Stories, that’s what we want, for even though we’ll never quite fully decode athletes, it’s the investigating of who they are which is rewarding—the places that made them, the suffering that drove them, the grit that binds them, the philosophies that sustain them. Stories from athletes of any age, even if they’re 14, because they’ve been where we’ll never go, which is into the arena under the lights. Stories patiently mined, as the brilliant Sharda Ugra does, once listening as hockey star Rani Rampal cooked for her.
Stories from fathers, and from books, and sometimes both together. The writer Prem Panicker once typed a lovely tale about his boyhood in the 1970s, his dad walking through Moore Market in Chennai on every second Saturday, past the endless secondhand book stalls, and one day bringing home to his son A. J. Liebling’s The Sweet Science.
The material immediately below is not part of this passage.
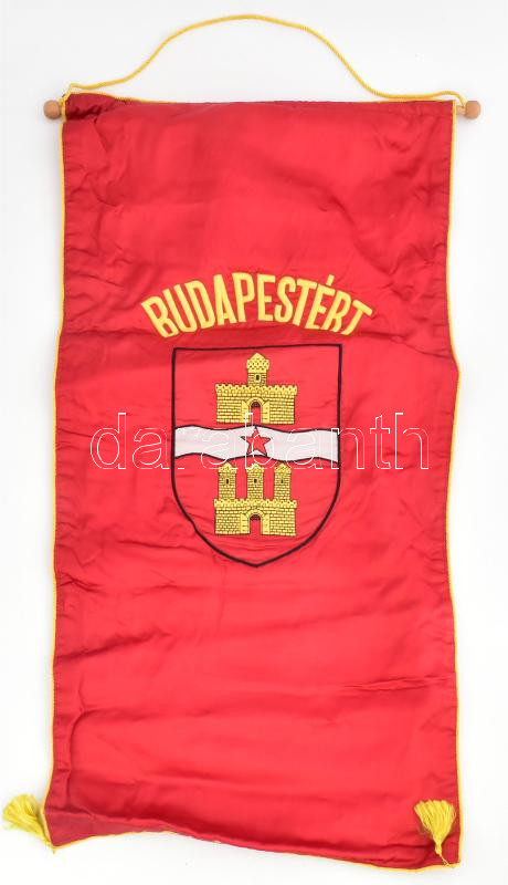 Budapestért nagyméretű szocialista selyem zászló 92x46 cm https://www.darabanth.com/de/457-Fernauktion/457.0/Kunst-Dokumente-andere-Sammelgebiete/Budapest-150~2000361/Budapestert-nagymeretu-szocialista-selyem-zaszlo-92x46-cm~II3053441

This is a deep dive into boxing, just as Philippe Petit’s 1985 book, On The High Wire , is a wander through another dangerous art.
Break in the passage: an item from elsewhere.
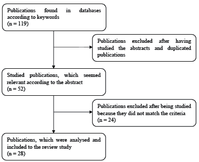 We found 119 open access articles in total. We studied the abstracts and gradually chose 52 articles to focus on, which we further analysed (Figure 1). From the original number of found documents, we excluded those that did not directly address action research as a method of teachers’ professional development. By progressively analysing and reducing the studies to those that matched the predetermined criteria, we obtained 28 relevant studies that were subjected to a more profound analysis.

Petit is the brilliant Frenchman who flies to New York in 1974, smuggles cables into the World Trade Centre, shoots an arrow across to the next tower and steps onto a wire 1,350 feet above the ground. We know art arrives from practice, but his struggle is unique. “I have kicked off snow with every step as I walked along a frozen cable... I have run bare foot over a cable burning with sunlight... I have even asked people to shake the installation with ropes, to strike the wire with long bars...I have put on unmatched pairs of shoes.”
These days athletes speak via 20-second clips on Instagram and in hastily assembled Netflix documentaries. Sport tends to get stuck on triviality while retreating from complexity. Athletes remain fascinating yet have made them selves opaque. An irony is stalking us: There are more cameras than before, from more angles than we ever imagined, and yet while we’ve never been closer to the action, we’ve never been so distant from the athlete. Sometimes they insist we don’t understand them, but rarely, like they once did, do they offer themselves up for examination. When the runner Jakob Ingebrigtsen did, allowing The Guardian’s Sean Ingle into his home, the result this January was a terrific portrait of a compulsive talent. Did he have off days, Ingle asked. “No, because if you have a day off, you lose 20-25km of running.”
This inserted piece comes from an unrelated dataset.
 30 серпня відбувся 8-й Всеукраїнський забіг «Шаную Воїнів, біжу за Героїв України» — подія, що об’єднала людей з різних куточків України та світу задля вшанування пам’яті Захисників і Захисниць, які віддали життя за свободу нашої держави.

Sometimes I wish I had been around in Muhammad Ali’s time, a talent both wide and voluble. Journalists flocked to him because he was generous with his words. In 1974 in Zaire, after Ali had just upset George Foreman, he gave Hugh McIllvanney of the Observer two hours of his time. “An experienced pilot,” Ali said that day, “flies a plane through a storm with out gettin’ in a panic. If new things happen he is cool. I have been boxin’ 20 years and I’m a pretty good fighter. I can walk into the firin’ line with a man like Foreman and I got no fear. Nothin’ can happen that I don’t understand. I been to school.”
Sport alters its personality and its physique, but we’ll always need athletes to help us unravel their excellence and reveal to us the savage itch to win which lurks behind civilised demeanours. Like Viswanathan Anand, hair combed and tidy, having a wonderful conversation this year with the writer Rahul Bhattacharya. The chess guru, now 56, was asked about playing chess for joy and pleasure and without the chains of expectation and his answer was exquisite.
“People say, ‘oh, you can play chess for fun’ and you can’t.”